═══ GIVEN MATERIAL

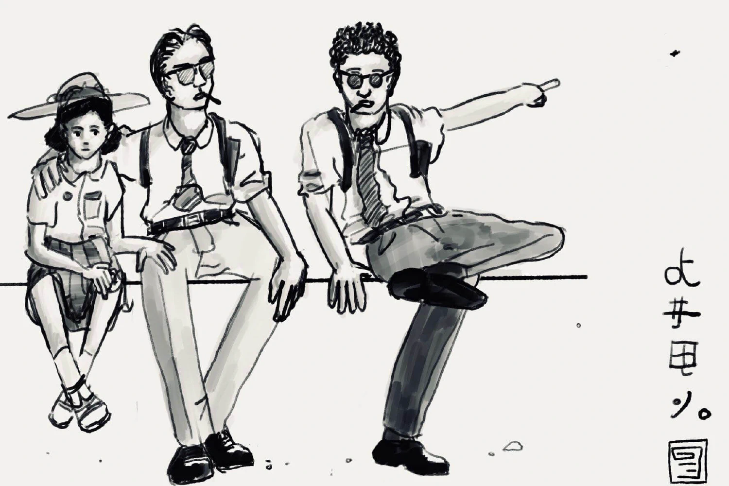 In Nevada about this time of year, the temperature stays steady at 45 degrees (~115 in yank). The asphalt sticks to shoes. On the far right is Lenny the Jew. The moniker is his own; heβs a Jew from New York who ended up working for the Vekllei Rocketry Corps, the Vekllei espionage agency responsible for operations in the southern United States. Lenny the Jew is good with women, and violence. He operates as a βliveβ agent, hunting and eliminating Chinese and American spies when necessary, bringing radicals over the border to cause trouble, and squeezing persons of interest for information. His boss is sitting next to him. Michael operates the Vekllei Rocketry Corps, but rarely participates βliveβ. His daughter, shipped over from the homeland after the death of her mother, understands the secrecy β but not the scope β of what he does. Lenny the Jew has affection for Tzipora; sheβs a strange kid that doesnβt get on well with her peers, so he brings her gifts when he calls by their house.
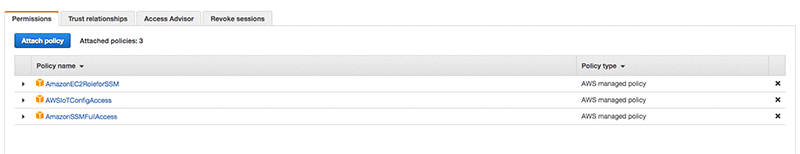 搜索 AmazonEC2RunCommandRoleforManagedInstances。我们希望将 AmazonSSMFullAccess 策略附加到此角色,从而使 Donkey Car 获得对 EC2 Systems Manager 的完全访问权限。让我们附加 AWSIoTConfigAccess,为我们的设备提供预置安全 IoT 证书的权限。
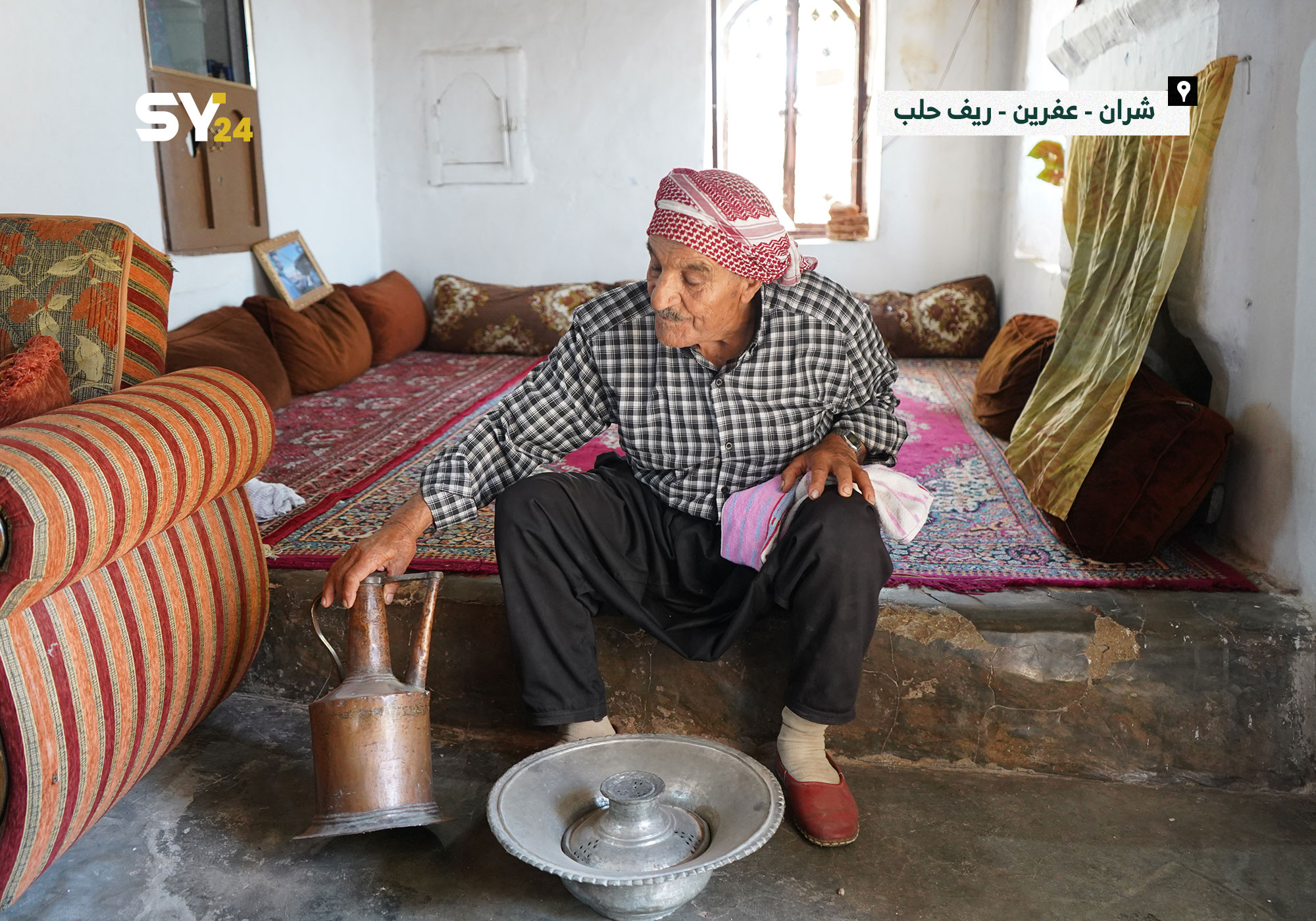 يعيش العم “عبد المنان حسكو” في ناحية شران بريف عفرين ويبلغ من العمر 80 عاماً. في منزل يتجاوز عمره 100 عام.

══════

§ **PROBLEM TO SOLVE**: Would you transcribe the whole listing above exactly? The pictures should not be included.

§ **WRITTEN SOLUTION**:
 In Nevada about this time of year, the temperature stays steady at 45 degrees (~115 in yank). The asphalt sticks to shoes. On the far right is Lenny the Jew. The moniker is his own; heβs a Jew from New York who ended up working for the Vekllei Rocketry Corps, the Vekllei espionage agency responsible for operations in the southern United States. Lenny the Jew is good with women, and violence. He operates as a βliveβ agent, hunting and eliminating Chinese and American spies when necessary, bringing radicals over the border to cause trouble, and squeezing persons of interest for information. His boss is sitting next to him. Michael operates the Vekllei Rocketry Corps, but rarely participates βliveβ. His daughter, shipped over from the homeland after the death of her mother, understands the secrecy β but not the scope β of what he does. Lenny the Jew has affection for Tzipora; sheβs a strange kid that doesnβt get on well with her peers, so he brings her gifts when he calls by their house.
 搜索 AmazonEC2RunCommandRoleforManagedInstances。我们希望将 AmazonSSMFullAccess 策略附加到此角色,从而使 Donkey Car 获得对 EC2 Systems Manager 的完全访问权限。让我们附加 AWSIoTConfigAccess,为我们的设备提供预置安全 IoT 证书的权限。
 يعيش العم “عبد المنان حسكو” في ناحية شران بريف عفرين ويبلغ من العمر 80 عاماً. في منزل يتجاوز عمره 100 عام.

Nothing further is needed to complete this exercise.